We have been using an Echo CS-370 for the last several days and although Consumer Reports gives it a very high rating, we are having a lot of trouble with the chain jumping off the bar. Not a particularly dangerous event, but time consuming to replace the chain and after two or three occurrences, the chain is usually ruined. Has anyone else encountered this problem with this saw? Have never had this happen with this frequency with any other saw and I have been using chain saws for 30+ years.


----------



## cpj (Sep 28, 2009)

Chunk it and get a Stihl, you'll be glad you did.


----------



## Joe Dutro (Nov 20, 2007)

I love my Echo. I've got 2- one for big stuff and one for grapevine control at the farm. 

Joe


----------



## HPL (Jan 27, 2011)

Desire Dogs said:


> I love my Echo. I've got 2- one for big stuff and one for grapevine control at the farm.
> 
> Joe


It's only this one model. We have an Echo CS-3000, and had a different Echo Model that got stolen awhile back and they are/were great. The CS-370 has been nothing but a pain (cuts great when the chain is on the bar, it just spends too much time OFF the bar).


----------



## JFleckenstein (Feb 18, 2011)

cpj said:


> Chunk it and get a Stihl, you'll be glad you did.


couldnt have said it better myself!!!! 
alluminum is bringing about sixty cents a pound right now


----------



## Keith Stroyan (Sep 22, 2005)

I have 2 Stihl's. Hardest starting SoBs ever.
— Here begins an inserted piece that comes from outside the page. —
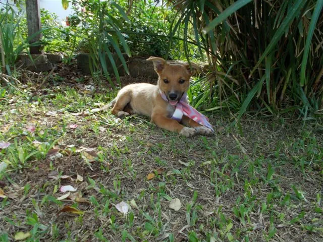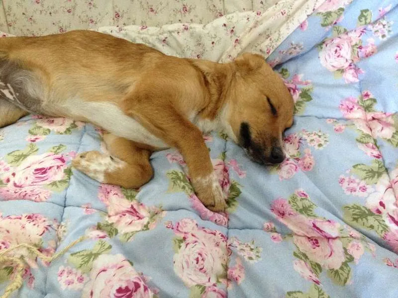 Bali, tem em torno de 7 /8 meses. É muito meiga, carinhosa com as pessoas e serelepe como todo o filhotinho. Provavelmente não crescerá mais, pois é baixinha, com as patinhas mais curtas. Convive bem com cães e gatos, ideal é que tenha mais um cãozinho para ela brincar, porque gosta da companhia de outros animais. Está vermifugada, vacinada e está castrada. Aguarda adoção em POA. Contatos: Danielle- danidentzuk@gmail.com TEL.: 51-96-11-47-22

Great once you get them warmed up and going.

==

I was wondering if Echo made a different bar for that model?


----------



## BirdHntr (Apr 30, 2005)

Any chance that the chain had been overheated at somepoint and has lost its temper allowing it to stretch when it gets hot. How about the tensioning adjustment having a problem and allowing the bar to loosen.
Just a thought.

Carl


----------



## HPL (Jan 27, 2011)

BirdHntr said:


> Any chance that the chain had been overheated at somepoint and has lost its temper allowing it to stretch when it gets hot. How about the tensioning adjustment having a problem and allowing the bar to loosen.
> Just a thought.
> 
> Carl


Howdy Carl, thanks for the thought, but since we have spent almost as much on chains as on the saw itself (we have to replace the chain after it jumps 3 or 4 times), and it has happened with every single chain, sometimes with the first cut, I don't think that it is from the chain overheating. The oiler runs through oil at a pace that pretty much precludes the bar getting dry. It does have a crappy tensioning mechanism, but I have been trying to watch that and have tried tight, loose, and everything in between. I wrote echo and they say it sounds like a worn chain drive gear, but since it has been doing this basically since the beginning, that seems a bit unlikely. Pretty annoying.


----------



## Mike Peters-labguy23 (Feb 9, 2003)

Have you tried a new bar? I would start there.


----------